BEGIN INFORMATION SHOWN
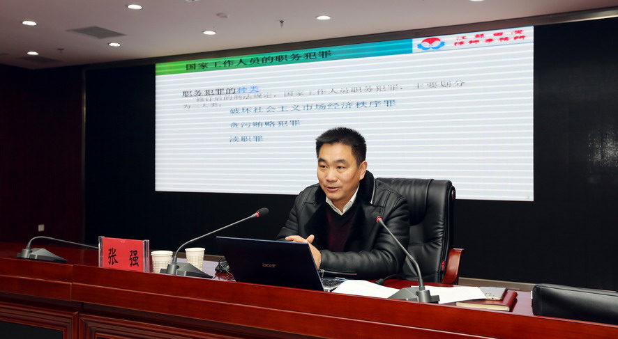 為進(jìn)一步幫助廣大干部職工筑牢思想道德防線,預(yù)防職務(wù)犯罪,12月28日上午,集團(tuán)公司舉行廉潔履職警示教育專題報(bào)告會(huì),邀請(qǐng)江蘇田灣律師事務(wù)所副主任張強(qiáng)作廉潔履職專題報(bào)告。集團(tuán)公司領(lǐng)導(dǎo)班子成員,各單位領(lǐng)導(dǎo)班子成員、三級(jí)法人單位黨政負(fù)責(zé)人、集團(tuán)總部全體管理人員參加報(bào)告會(huì)。
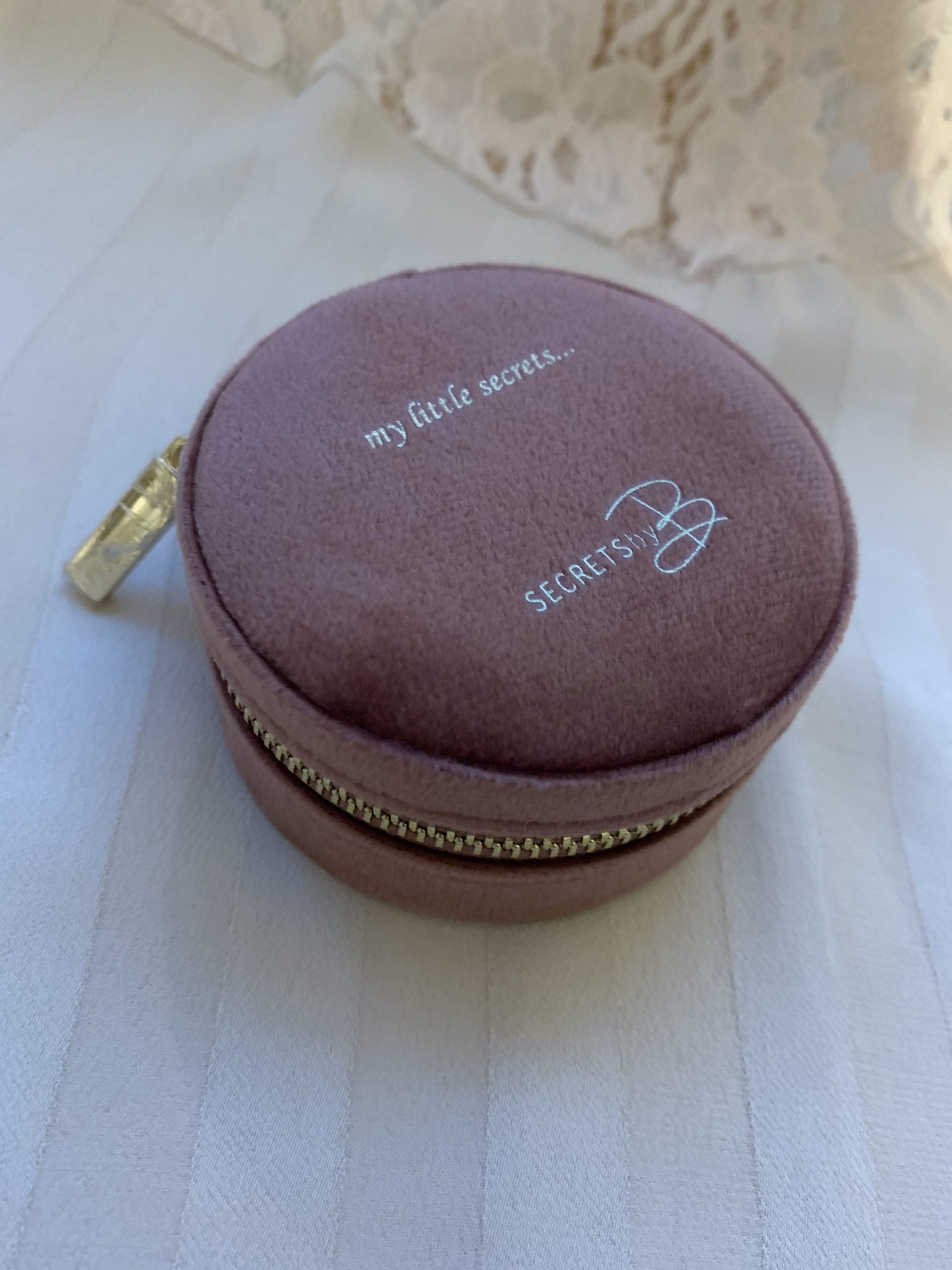 "My little secrets smykkeskrin" fra det norske merke Secrets By B. Praktisk og nydelig resisesmykkeskrin. Vakker farge med teksten “my little secret`s” i gull.
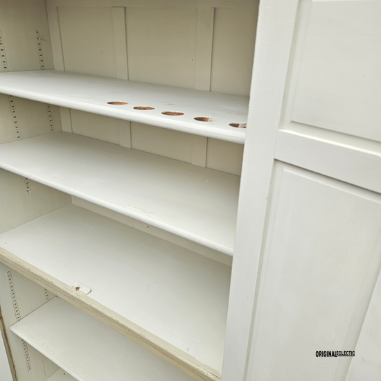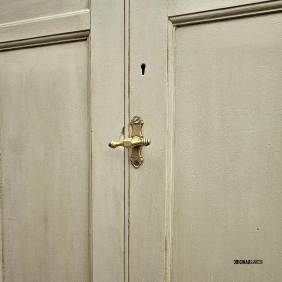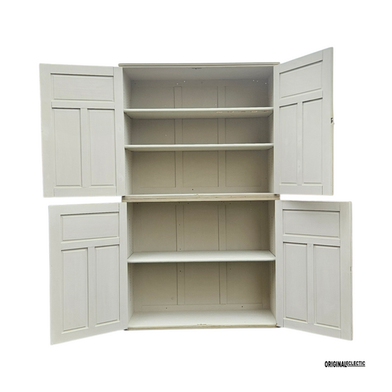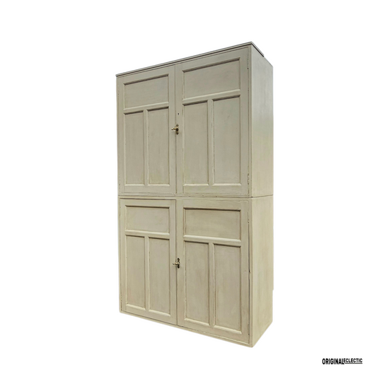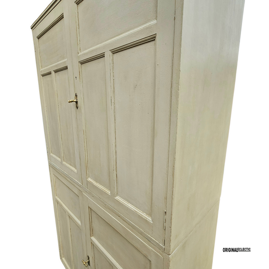 Quality four door cupboard which dismantles into two pieces with outstanding original brass trun handles, the i aide and shelves has been painted in an old white distressed finish, ample storage, constructed of solid pine, new catches fitted
END INFORMATION SHOWN
◆ **WORK REQUEST**: Output the material above word for word. Leave out its images.

◆ **SOLUTION BELOW**:
 為進(jìn)一步幫助廣大干部職工筑牢思想道德防線,預(yù)防職務(wù)犯罪,12月28日上午,集團(tuán)公司舉行廉潔履職警示教育專題報(bào)告會(huì),邀請(qǐng)江蘇田灣律師事務(wù)所副主任張強(qiáng)作廉潔履職專題報(bào)告。集團(tuán)公司領(lǐng)導(dǎo)班子成員,各單位領(lǐng)導(dǎo)班子成員、三級(jí)法人單位黨政負(fù)責(zé)人、集團(tuán)總部全體管理人員參加報(bào)告會(huì)。
 "My little secrets smykkeskrin" fra det norske merke Secrets By B. Praktisk og nydelig resisesmykkeskrin. Vakker farge med teksten “my little secret`s” i gull.
 Quality four door cupboard which dismantles into two pieces with outstanding original brass trun handles, the i aide and shelves has been painted in an old white distressed finish, ample storage, constructed of solid pine, new catches fitted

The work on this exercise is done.